=== What needs to be done ===
Skip the pictures. Output only the lines below starting at the line with "에이전트의 인자 값으로" and ending at the line with "Anello in oro", both ends included, exactly as they are.

=== Records supplied ===
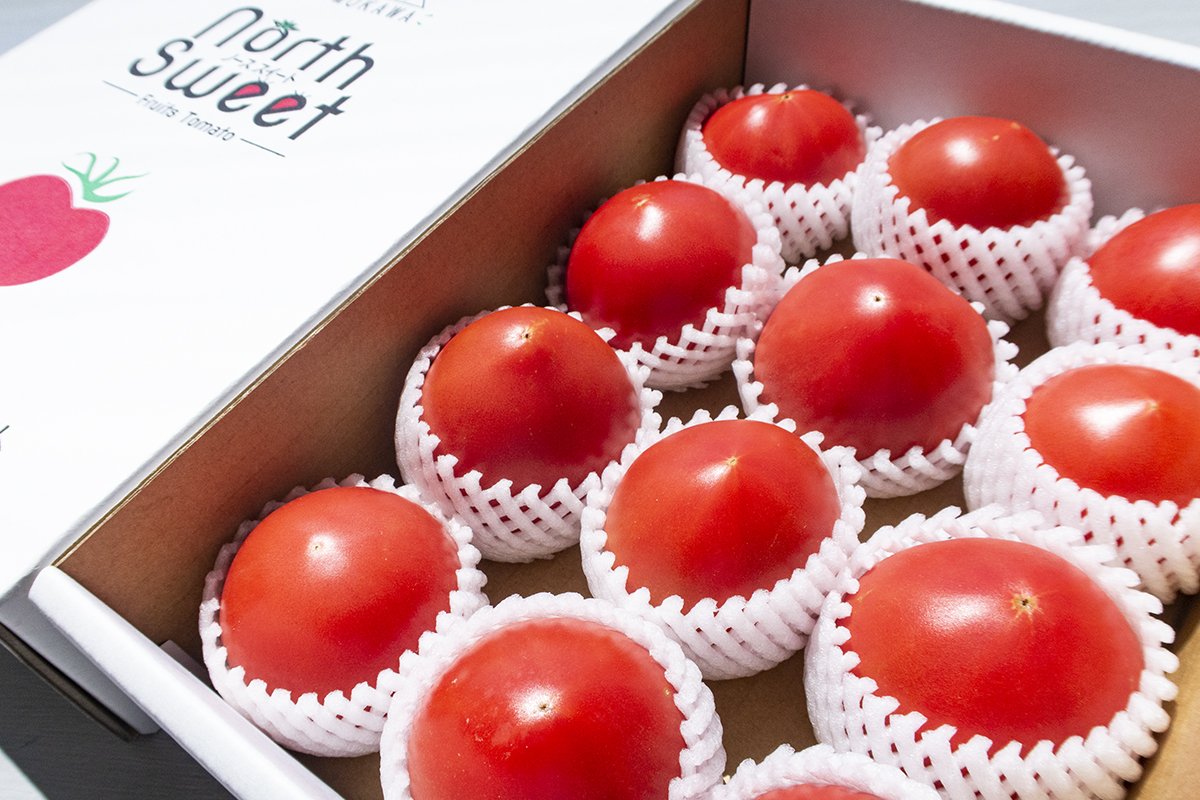こうして生まれた自社ブランドが、オリジナルフルーツとまと「North★Sweet(ノーススイート)」です。糖度は通常のトマトに比べて非常に高く、平均で8〜10度を誇り、口に入れた瞬間、豊かな甘みが広がります。一粒一粒にぎゅっと詰まった旨味と爽やかな酸味が絶妙なバランスで調和し、デザート感覚でも楽しめる逸品です。サラダにはもちろん、お子さまのおやつやギフトとしても大変喜ばれています。
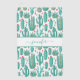 A chic white background decorated with a whimsical pattern of painted cactus, cacti and succulents and red and green hearts.
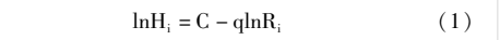 其一,空间测度的规模-位序法。本文采用城市理论中的规模-位序法对高等教育资源的中心分布情况进行测量。规模-位序律反应城市规模与其所处排序存在的规律关系,具体计算方法如式(1)所示。其中,Hi为按照地区高等教育资源规模排序后,第i位城市的高等教育资源规模,Ri是第i位城市的位序,C为常数,q为回归系数。若q>1,说明高等教育资源在研究范围内服从单中心分布,核心城市突出;若q<1,说明高等教育资源在研究范围内服从多中心分布,高等教育资源分布较为均衡;若q=1,说明高等教育资源的空间分布完全服从普夫(Zipf)法则。
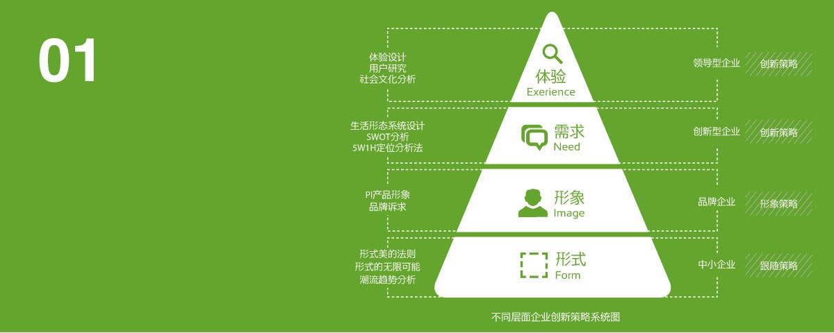 中國的制造企業現狀是多層次的,既有外向型加工型企業,又有品牌企業和高科技企業,工業設計要為多層次的產業服務,需要構建多層次的服務系統,以滿足多樣化的創新需求。 不同發展階段的企業對于工業設計的認識和需求是不一的。對于技術導向型企業而言,設計僅僅是體現產品技術的手段;對于需求導向型企業而言,設計需要挖掘市場和用戶的 潛在需要。創新型企業和跟隨策略型企業在市場競爭面前也會選擇不同的設計方法。通過對企業需求類型進分類,并找到相應的設計方法,可以解決企業設計有效創新的問題。 “形式”、“形象”、“需求”、“體驗”是設計由淺入深的四個階段,不同層面的企業會對應不同的重點。
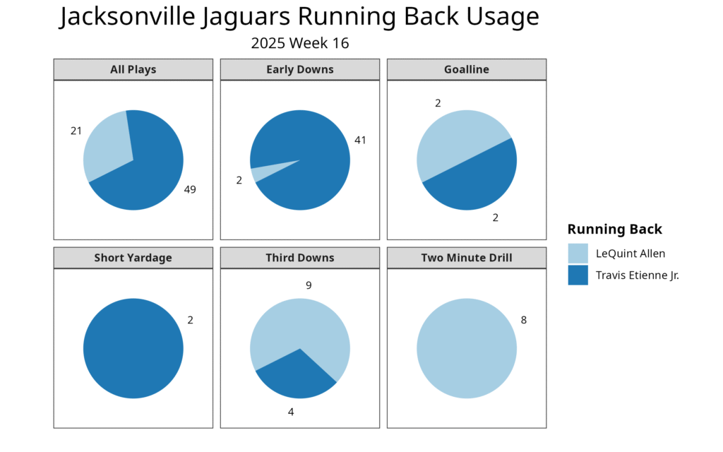 Etienne largely absorbed Tuten’s work. He played 95.3% of the early-down snaps, 100% of the short-yardage snaps, while he and Allen split the goal-line snaps. Etienne ran 16 times for 50 yards and caught four passes for 16 yards and a touchdown. Most running backs have been ineffective against the Broncos' defense, so this was a good game for Etienne, considering the opponent.
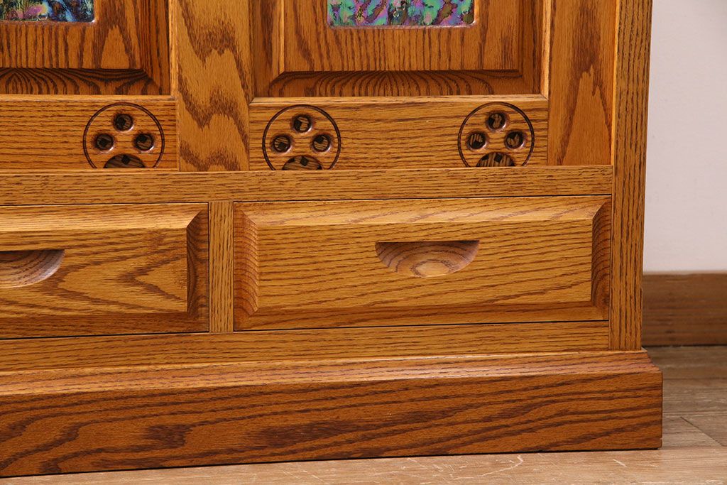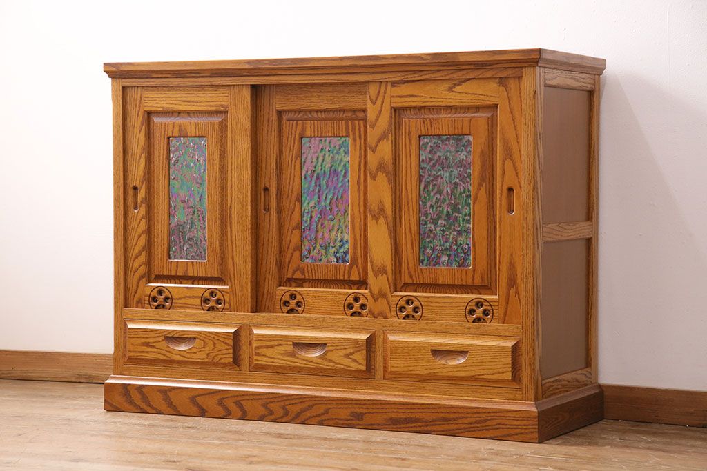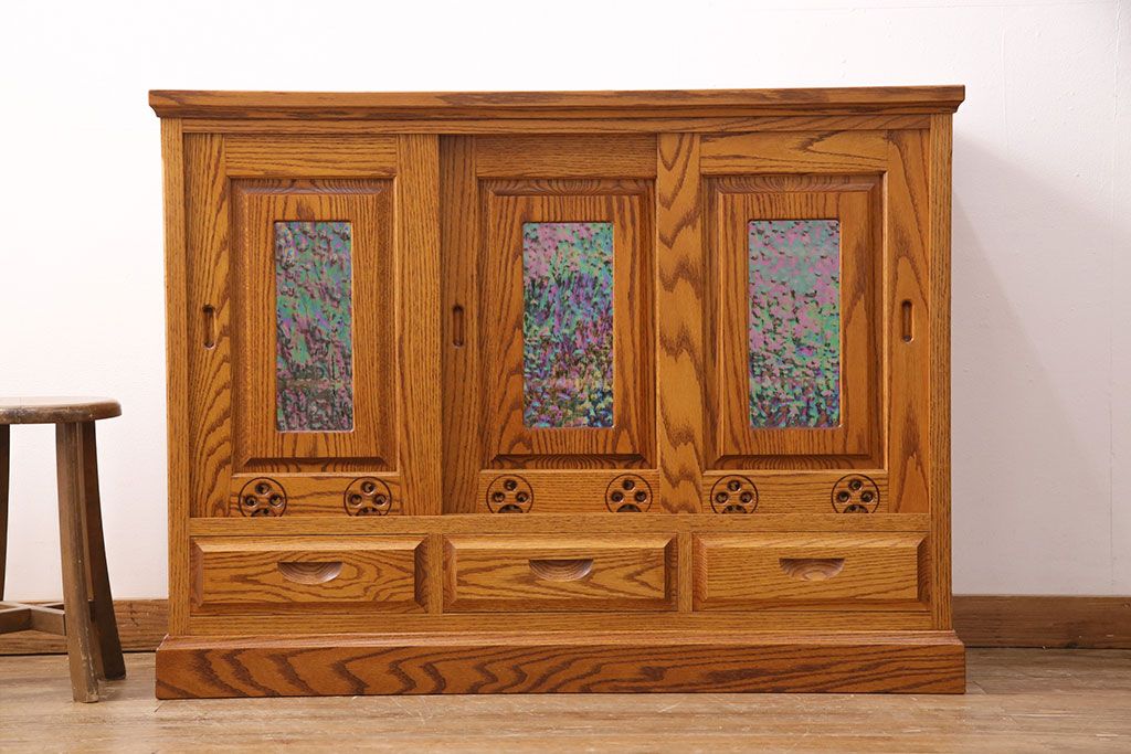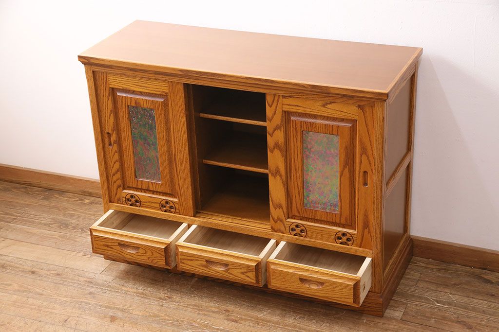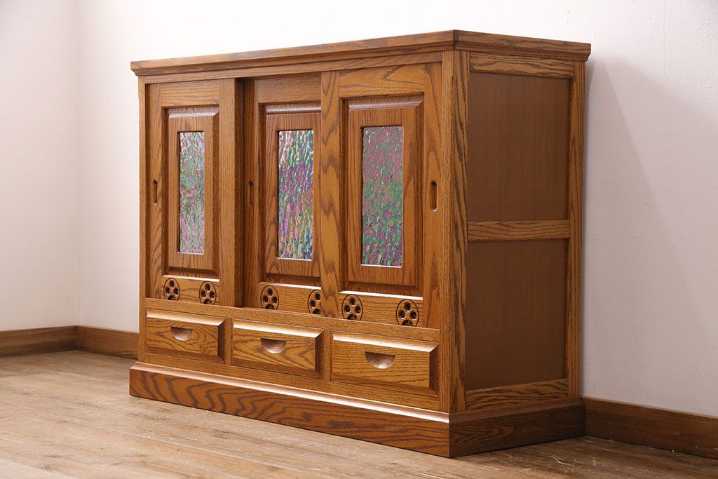 中古 美品 工房我楽堂 拭き漆仕上げが上質さを高める栗材製戸棚(定価約37万円)(収納棚、サイドボード、キャビネット)(R-049915)
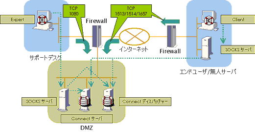 SOCKSプロキシサーバ経由での構成例として、以下の図を説明します。
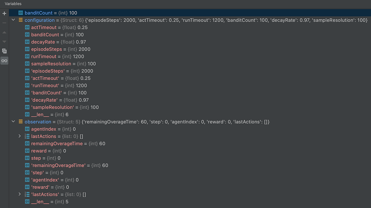 에이전트의 인자 값으로 observation과 configuration은 아래와 같이 대회 초기 설정값들로 설정되어있습니다. episodeSteps=2000으로 최대 레버를 당기는 횟수, reward(=보상) 1, 0으로 리턴됩니다. 해당 값은 계속 누적되게 되어있어 코드에서 차이를 계산하여 보상을 리턴해야 합니다. 그 외 decayRate = 0.97로 설정된 부분을 확인할 수 있습니다.
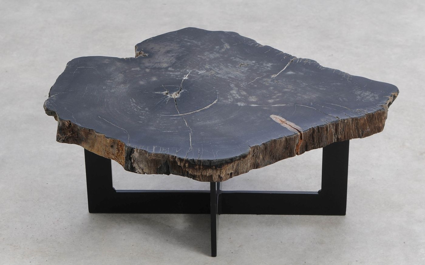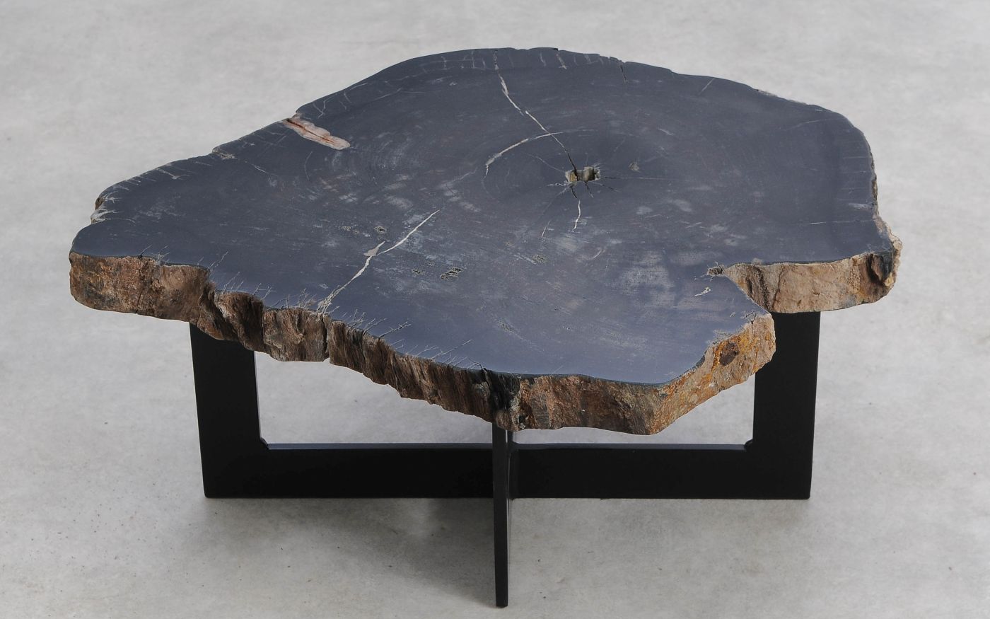 Deze unieke salontafel van versteend hout past in ieder interieur. Het tafelblad is gezaagd uit een grote versteende boom, die ongeveer 20 miljoen jaar geleden geleefd heeft. De kleuren zijn bepaald door de mineralen die het hout van deze boom vervangen hebben.
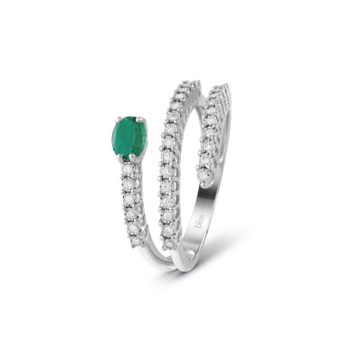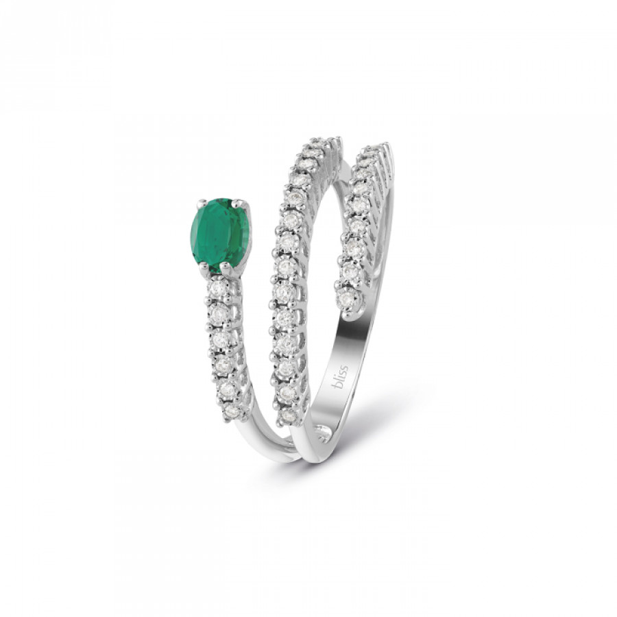 Anello in oro bianco 18kt, smeraldo e diamanti della collezione Bliss Rugiada Colors.
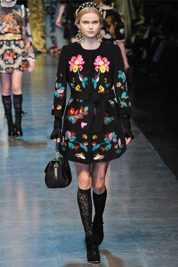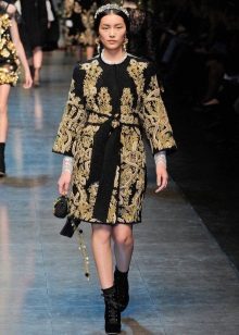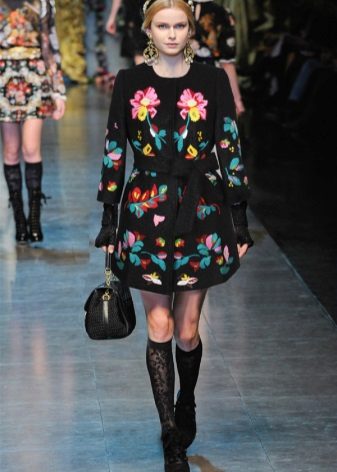 This year, animalistic and floral ornaments are in fashion, which are laid out with appliqués or embroidered on fabric. The most vivid and rich in colors are ethnic motifs in drawings. On black, they look particularly rich. Possible on the coat and print, most often it is a cell of different size, style and color.As for the decor, everything - lace, buttons, stripes, belt - can be deliberately executed in a bright or variegated scale, creating a contrast with a dark base.
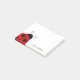 This is Personalised Ladybug notepad. This post it notes featuring is a white background with large red and black ladybug peeking in from the bottom left side. You can customise with a name or message. It is fun office supplies for work or home.

=== Answer below ===
 에이전트의 인자 값으로 observation과 configuration은 아래와 같이 대회 초기 설정값들로 설정되어있습니다. episodeSteps=2000으로 최대 레버를 당기는 횟수, reward(=보상) 1, 0으로 리턴됩니다. 해당 값은 계속 누적되게 되어있어 코드에서 차이를 계산하여 보상을 리턴해야 합니다. 그 외 decayRate = 0.97로 설정된 부분을 확인할 수 있습니다.
 Deze unieke salontafel van versteend hout past in ieder interieur. Het tafelblad is gezaagd uit een grote versteende boom, die ongeveer 20 miljoen jaar geleden geleefd heeft. De kleuren zijn bepaald door de mineralen die het hout van deze boom vervangen hebben.
 Anello in oro bianco 18kt, smeraldo e diamanti della collezione Bliss Rugiada Colors.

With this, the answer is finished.